Grãos de diversos tipos, sabores e cores, maltados ou não. Um verdadeiro quebra cabeça.

São necessários muitos grãos para fazer uma cerveja. Não somente em quantidade de grãos, mas também nos seus mais variados “tipos”. Embora a grande maioria das cervejas ditas artesanais ou especiais sejam produzidas com malte de cevada apenas – o que teoricamente é apenas um grão – a grande variedade de tipos, neste caso, “pontos de malteação” transforma uma simples cerveja em um belo quebra cabeças de grãos.

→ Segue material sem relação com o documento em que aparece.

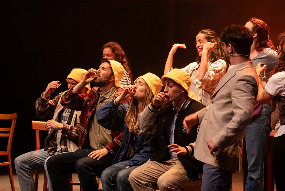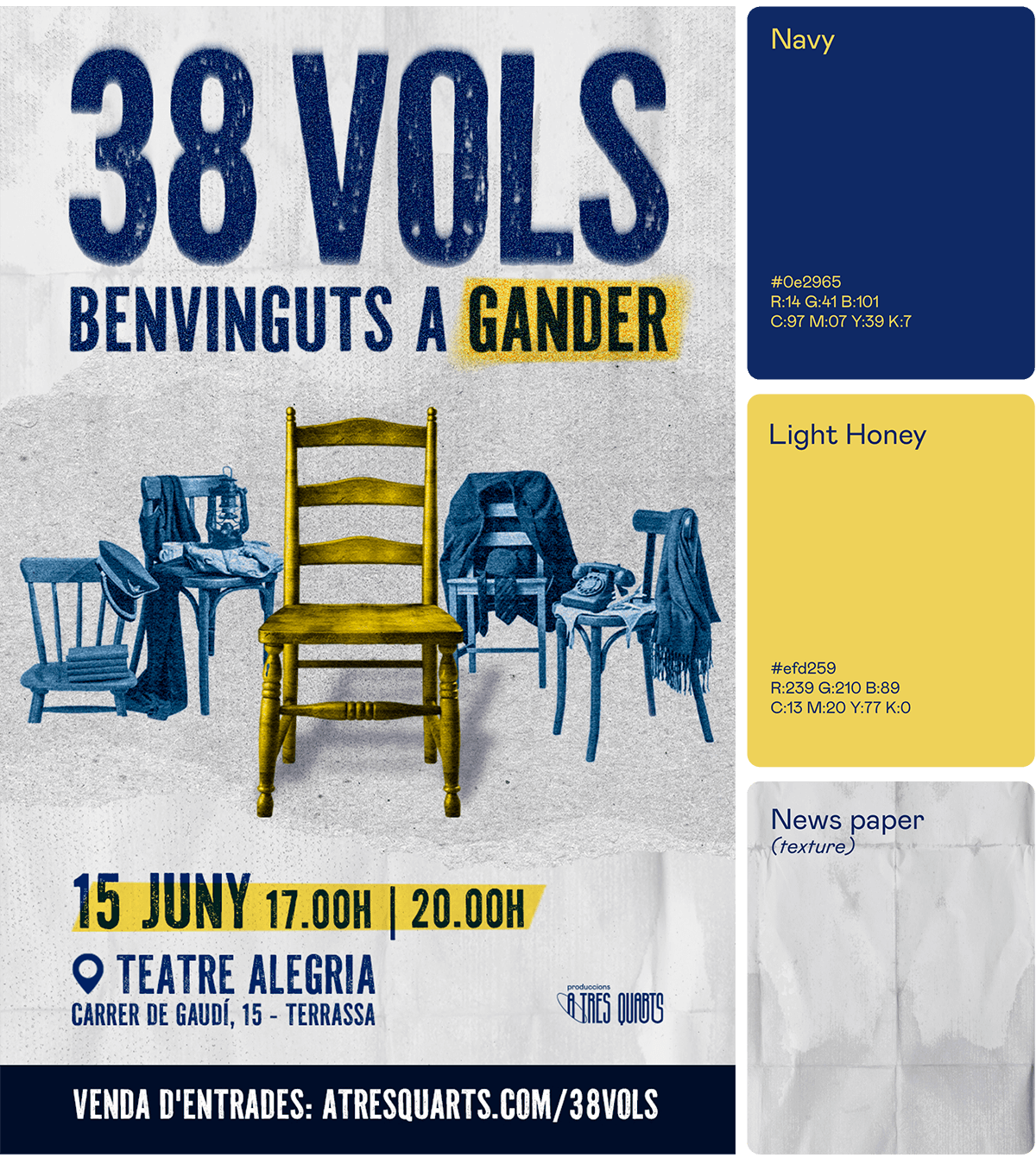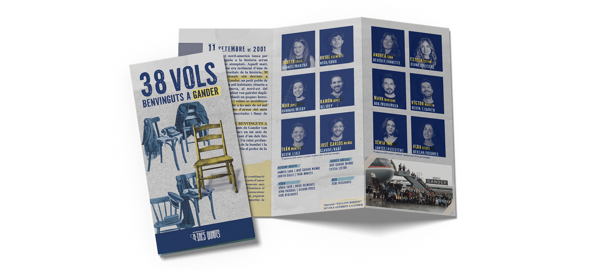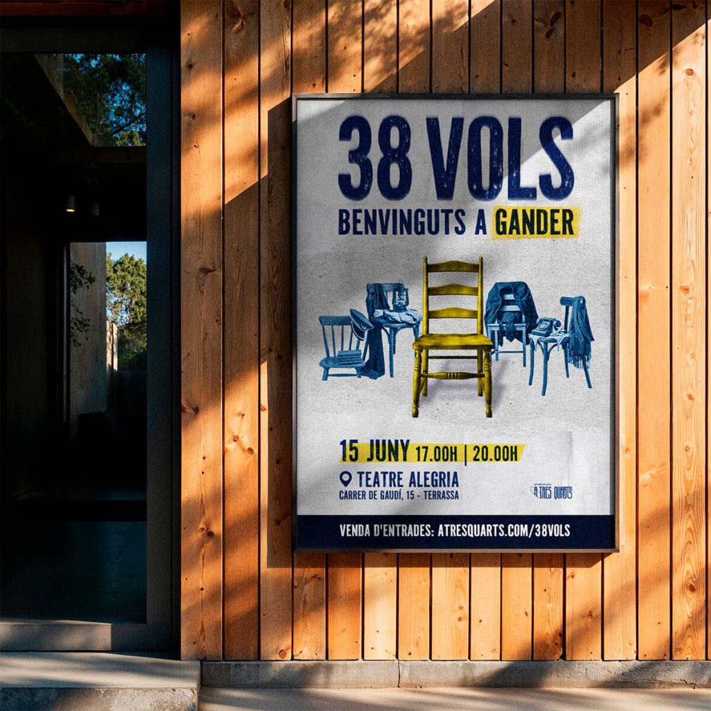 38 Vols: Benvinguts a gander cuenta la historia real de Gander (Terranova), donde miles de personas fueron acogidas tras los atentados del 11-S. En A Tres Quarts adaptamos la obra al catalán, y asumí la responsabilidad gráfica y visual total: diseñé el cartel, realicé las fotografías del elenco, compuse el tríptico del espectáculo y dirigí el arte escénico (movimientos escénicos, vestuario, luces, escenografía).

O processo de malteação permitiu ao mestre cervejeiro utilizar os grãos em diferentes pontos de torra e composição de açúcares (se você não sabe o que é isso, confira o post da química da cerveja aqui). O domínio da técnica de malteação resultou na introdução de vários estilos novos de cerveja, pois permitiu que o mestre cervejeiro escolhesse o ponto de torra do grão influenciando no sabor e cor das cervejas. Por exemplo, era impossível fazer uma pilsen clarinha antes do avanço da malteação, pois a falta de controle na torra resultava em grãos de torra escura. Mesmo uma Red Ale não era possível. Sabores “novos” foram introduzidos: “pão”, caramelo, cereais, antes eram de difícil percepção. Pense em uma Stout ou Porter e no sabor que a torra dá a estes estilos: é bem marcante.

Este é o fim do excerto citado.